*** Opening of Extracted data ***
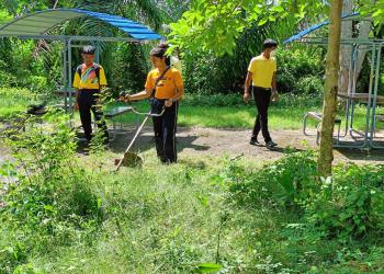 จัดกิจกรรมจิตอาสาบำเพ็ญสาธารณประโยชน์โดยการทำความสะอาดบริเวณโดยรอบของโรงเรียนตะเครียะวิทยาคม
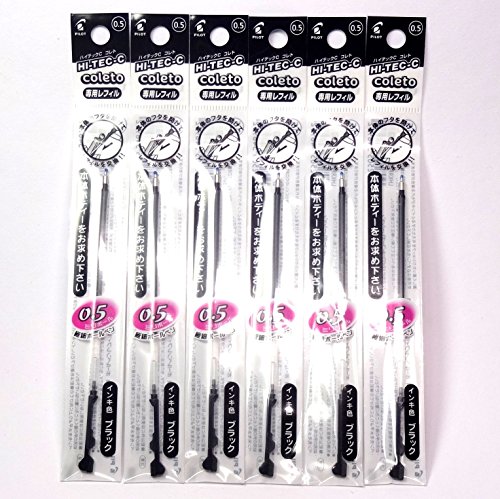 Pilot Hi-Tec-C Coleto Gel Ink Pen Refill 0.5mm, Black, × 6 Packs/total 6 pcs (Japan Import) [Komainu-Dou Original Package]
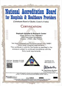 गाजीपुर। जनपद के कासिमाबाद तहसील अंतर्गत सलामतपुर स्थित गोपीनाथ हॉस्पिटल एंड रिसर्च सेंटर ने एक बड़ी उपलब्धि हासिल करते हुए NABH (National Accreditation Board for Hospitals & Healthcare Providers) से मान्यता प्राप्त कर ली है। यह प्रमाणपत्र अस्पताल को 18 नवम्बर 2025 से 17 नवम्बर 2027 तक के लिए वैध किया गया है। यह उपलब्धि न केवल अस्पताल बल्कि पूरे ग्रामीण क्षेत्र के लिए गर्व की बात है, क्योंकि अब ग्रामीण क्षेत्र के लोगों को भी राष्ट्रीय स्तर की गुणवत्ता वाली चिकित्सा सेवाएं अपने ही क्षेत्र में उपलब्ध होंगी। NABH से मान्यता प्राप्त होने के बाद अस्पताल में निम्नलिखित विभागों की सेवाएं प्रमाणित हो गई हैं:
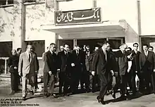 یوسف خوشکیش (نفر پنجم از راست که دستش را بالا گرفته) به همراه جمشید آموزگار در حال خروج از بانک ملی ایران
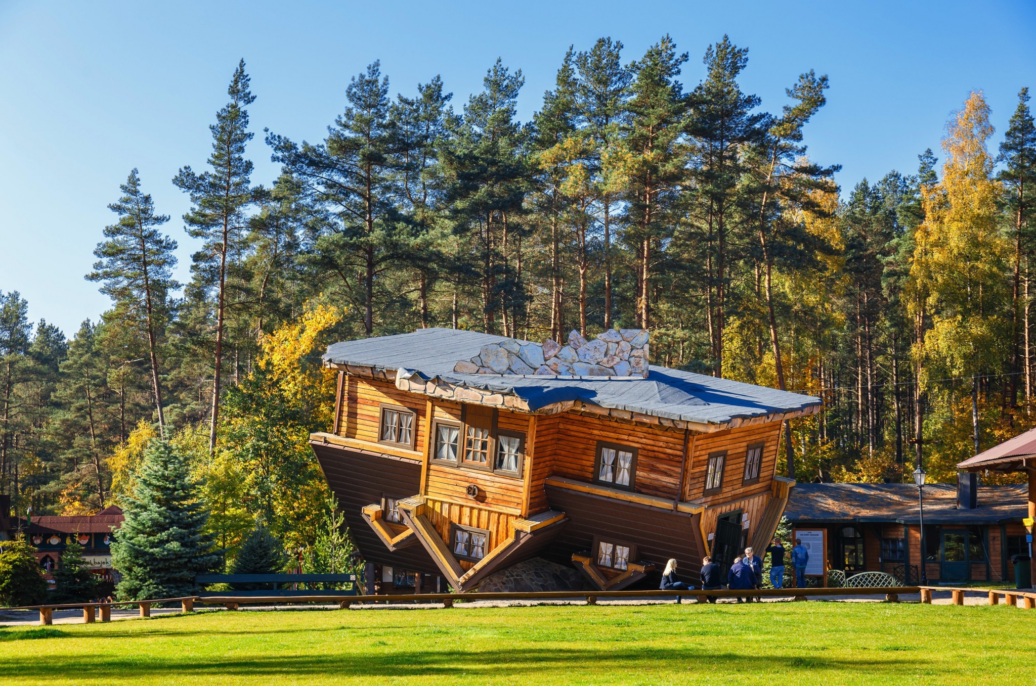 Внутри «Дома вверх ногами» много добра: мебель (свисающая с потолка), светильники (торчащие из пола) и другие полезные в хозяйстве вещи. По мысли инженера Даниеля Чапевского, создавшего объект в 2007 году, Dom do Góry Nogami символизирует эпоху коммунизма, который перевернул с ног на голову и традиции, и систему ценностей. Со слабым вестибулярным аппаратом или после сытного обеда внутрь лучше не соваться — переколбасит. Для деликатных натур в Центре просвещения и популяризации региона в Шимбарке есть много других занятных вещей.
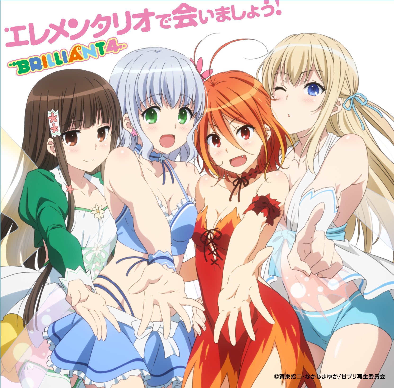 Description: A group of girls in a bed with the caption'bleacher'in english and japanese.
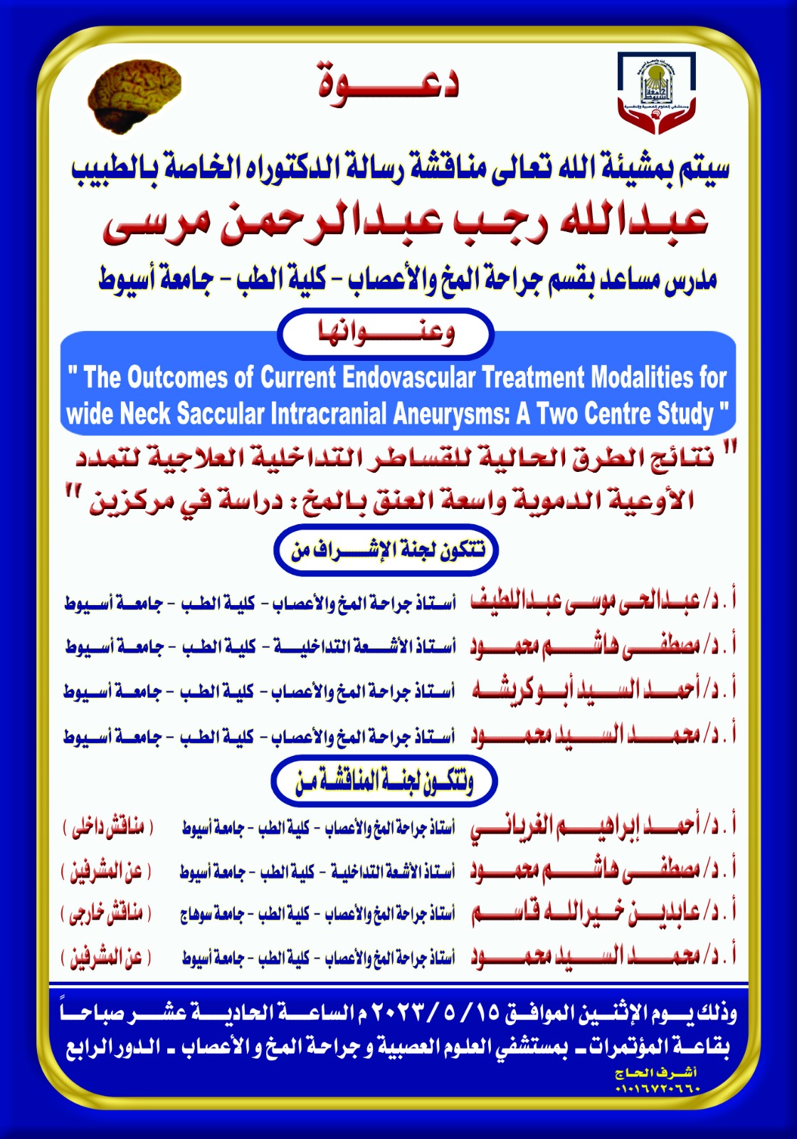مناقشة رسالة الدكتوراه الخاصة بالطبيب / عبدالله رجب عبد الرحمن مرسى - مدرس مساعد بقسم جراحة المخ والأعصاب - كلية الطب - جامعة أسيوط
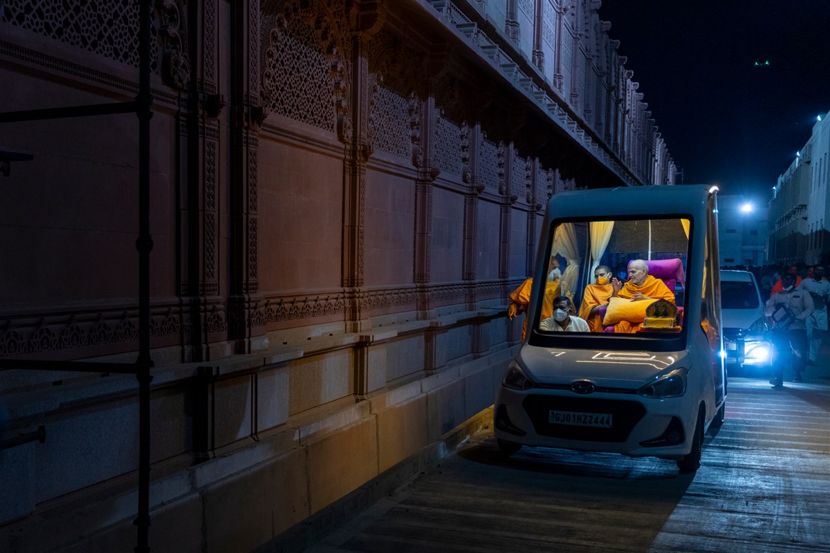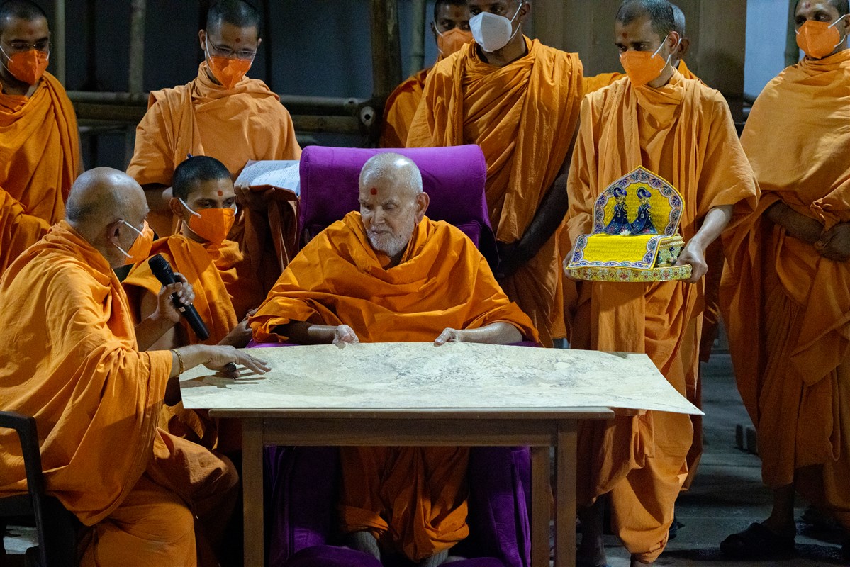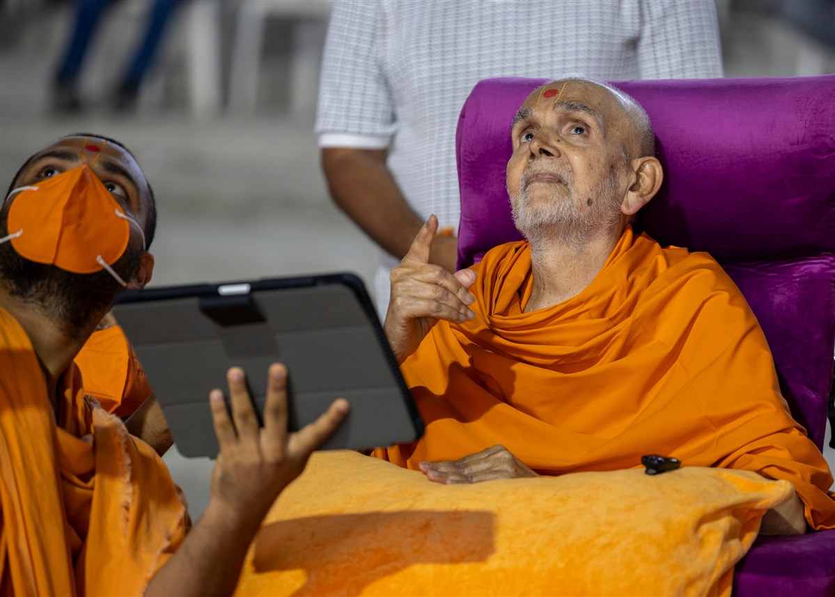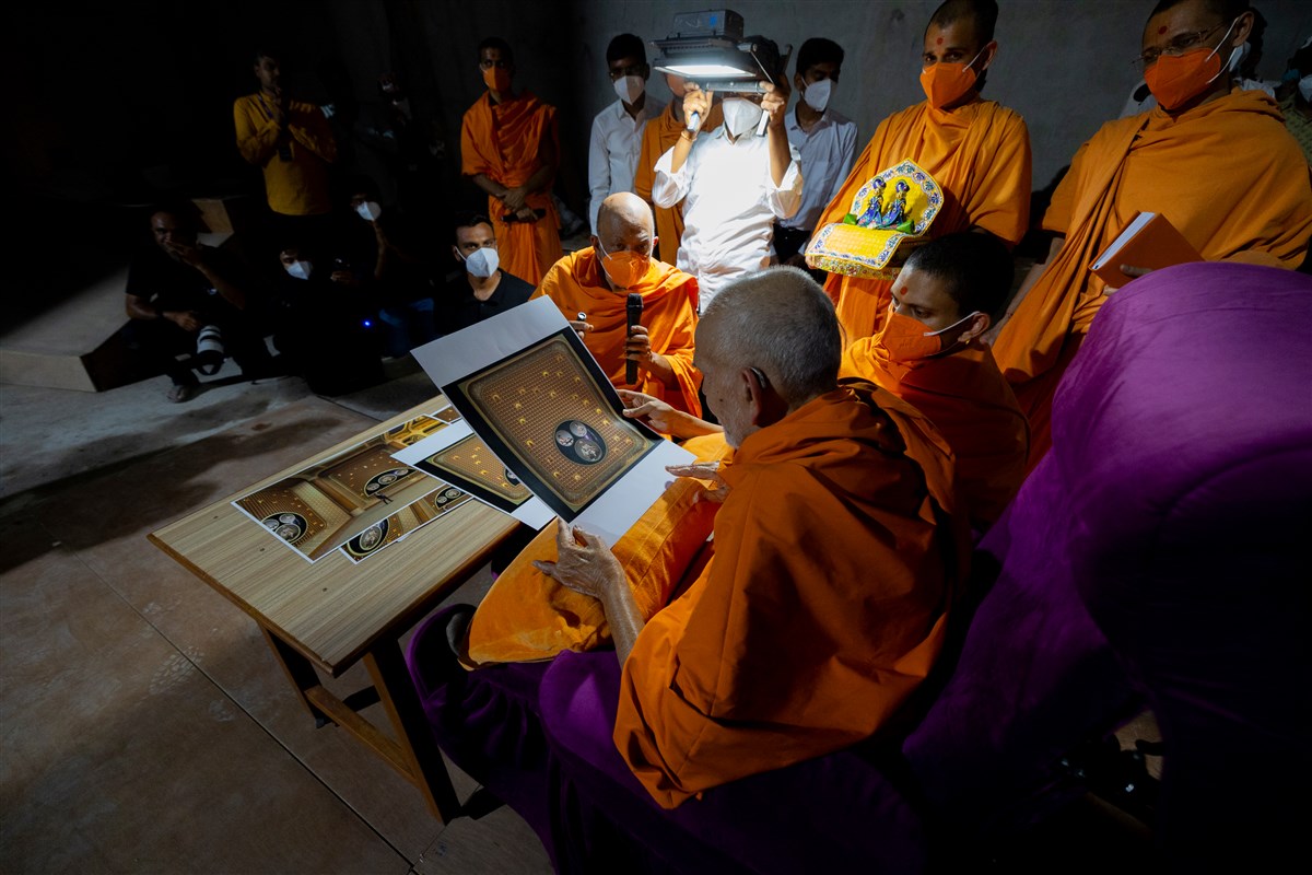 Swamishri engrossed in darshan of Shri Harikrishna Maharaj and Shri Gunatitanand Swami Maharaj
*** Close of Extracted data ***
[Your instructions]
Every entry above should be returned exactly, with no images included.

[Output]
 จัดกิจกรรมจิตอาสาบำเพ็ญสาธารณประโยชน์โดยการทำความสะอาดบริเวณโดยรอบของโรงเรียนตะเครียะวิทยาคม
 Pilot Hi-Tec-C Coleto Gel Ink Pen Refill 0.5mm, Black, × 6 Packs/total 6 pcs (Japan Import) [Komainu-Dou Original Package]
 गाजीपुर। जनपद के कासिमाबाद तहसील अंतर्गत सलामतपुर स्थित गोपीनाथ हॉस्पिटल एंड रिसर्च सेंटर ने एक बड़ी उपलब्धि हासिल करते हुए NABH (National Accreditation Board for Hospitals & Healthcare Providers) से मान्यता प्राप्त कर ली है। यह प्रमाणपत्र अस्पताल को 18 नवम्बर 2025 से 17 नवम्बर 2027 तक के लिए वैध किया गया है। यह उपलब्धि न केवल अस्पताल बल्कि पूरे ग्रामीण क्षेत्र के लिए गर्व की बात है, क्योंकि अब ग्रामीण क्षेत्र के लोगों को भी राष्ट्रीय स्तर की गुणवत्ता वाली चिकित्सा सेवाएं अपने ही क्षेत्र में उपलब्ध होंगी। NABH से मान्यता प्राप्त होने के बाद अस्पताल में निम्नलिखित विभागों की सेवाएं प्रमाणित हो गई हैं:
 یوسف خوشکیش (نفر پنجم از راست که دستش را بالا گرفته) به همراه جمشید آموزگار در حال خروج از بانک ملی ایران
 Внутри «Дома вверх ногами» много добра: мебель (свисающая с потолка), светильники (торчащие из пола) и другие полезные в хозяйстве вещи. По мысли инженера Даниеля Чапевского, создавшего объект в 2007 году, Dom do Góry Nogami символизирует эпоху коммунизма, который перевернул с ног на голову и традиции, и систему ценностей. Со слабым вестибулярным аппаратом или после сытного обеда внутрь лучше не соваться — переколбасит. Для деликатных натур в Центре просвещения и популяризации региона в Шимбарке есть много других занятных вещей.
 Description: A group of girls in a bed with the caption'bleacher'in english and japanese.
مناقشة رسالة الدكتوراه الخاصة بالطبيب / عبدالله رجب عبد الرحمن مرسى - مدرس مساعد بقسم جراحة المخ والأعصاب - كلية الطب - جامعة أسيوط
 Swamishri engrossed in darshan of Shri Harikrishna Maharaj and Shri Gunatitanand Swami Maharaj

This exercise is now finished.